Cannibalism stories ask us to wrestle with thorny questions about what it means to eat the things we eat, or what it means to unmake something just like us in service of ourselves. It is a subject impossible to untangle from our human desire to consume, or the vulnerabilities that make us easy to be consumed. In her essay on cannibalism as metaphor for capitalism and feminism, Chelsea G. Summers—author of her own brilliant cannibal novel, A Certain Hunger—writes on the way the idea has infected our very language: “We don’t just win; we devour. We don’t just vanquish; we roast our rivals, and we eat them for breakfast. We go to bars described as meat markets in search of a piece of ass, and if we find a lover, we nibble, we ravish, we swallow them whole.” Cannibalism is a way of framing the capitalistic impulse to conquer; how the upper hand, so to speak, always goes straight to the mouth.
In this mode, fictional cannibalism can be campy, even comical, as it demonstrates how we are daily humiliated by the ridiculous rituals and demands of modern life. In Santa Clarita Diet, a suburban wife, mother, and real estate agent becomes a zombie who craves her neighbors’ flesh, and her family just has to matter-of-factly deal with the accompanying drama. Reader, the way I laughed during every gruesome episode! And Fresh starts out as a romance, with a meet-cute between the victim and her kidnapper in a grocery produce aisle; ultimately a satire of the nightmare of dating.

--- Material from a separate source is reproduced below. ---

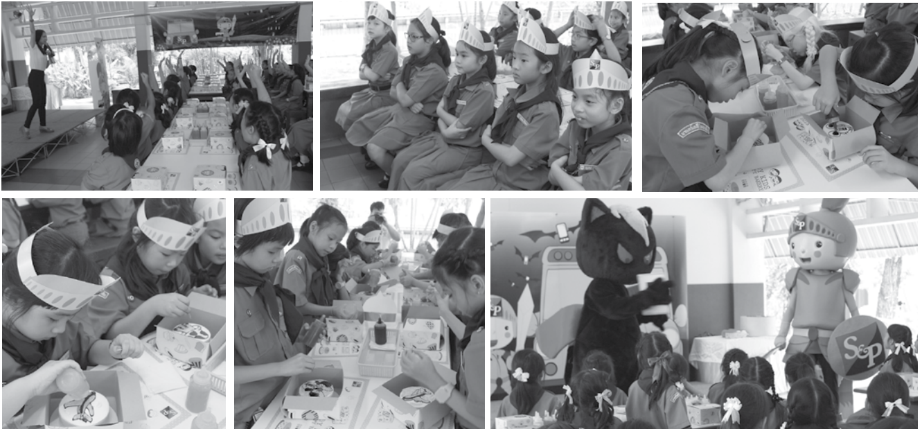
• นักเรียนชั้นประถมศึกษาปีที่ 3 เข้าร่วมกิจกรรมแต่งหน้าเด็ก จัดโดย บริษัท เอส แอนด์ พี ซินดิเคท จำกัด (มหาชน) ลานประดม 1-2 เมื่อวันที่ 17 กรกฎาคม 2558

But I am especially unsettled by the second kind of narrative, appearing in shows like The Last of Us and Yellowjackets: stories of desperation and survival, the breaching of an unthinkable taboo in the face of certain death. This reflects the most real-world examples of cannibalism, the ones closest to home. Think of the Uruguayan rugby team who survived in the Andes for two months in 1972 by eating their dead and comparing it to holy communion. Or the Donner Party. There are some subtleties here, in fiction and nonfiction alike—is it equally bad to kill a person to eat them as to eat someone who has already died of other causes?—but sometimes the distinction is irrelevant. Those who eat their kind become necessarily inhuman. Consider the fact that The Last of Us’ villainous cannibal preacher is also a pedophile. Or the Wendigo, a monster from real-life Indigenous tradition that—in some of those traditions—is created when a human being consumes human flesh.
Here, the genre is often stripped of its camp. Viewers find themselves wandering down a different avenue of horror—one that may feel particularly recognizable at the wake of a pandemic and the brink of a recession, amid today’s social, political, and environmental anxieties and inequities, when life already feels unbearably precarious for so many of us. It’s horror that demands answers about what we are, at the edge of things. Horror that asks a question that might be haunting you, in this current apocalyptic moment: What—or who—are you willing to consume in order to survive?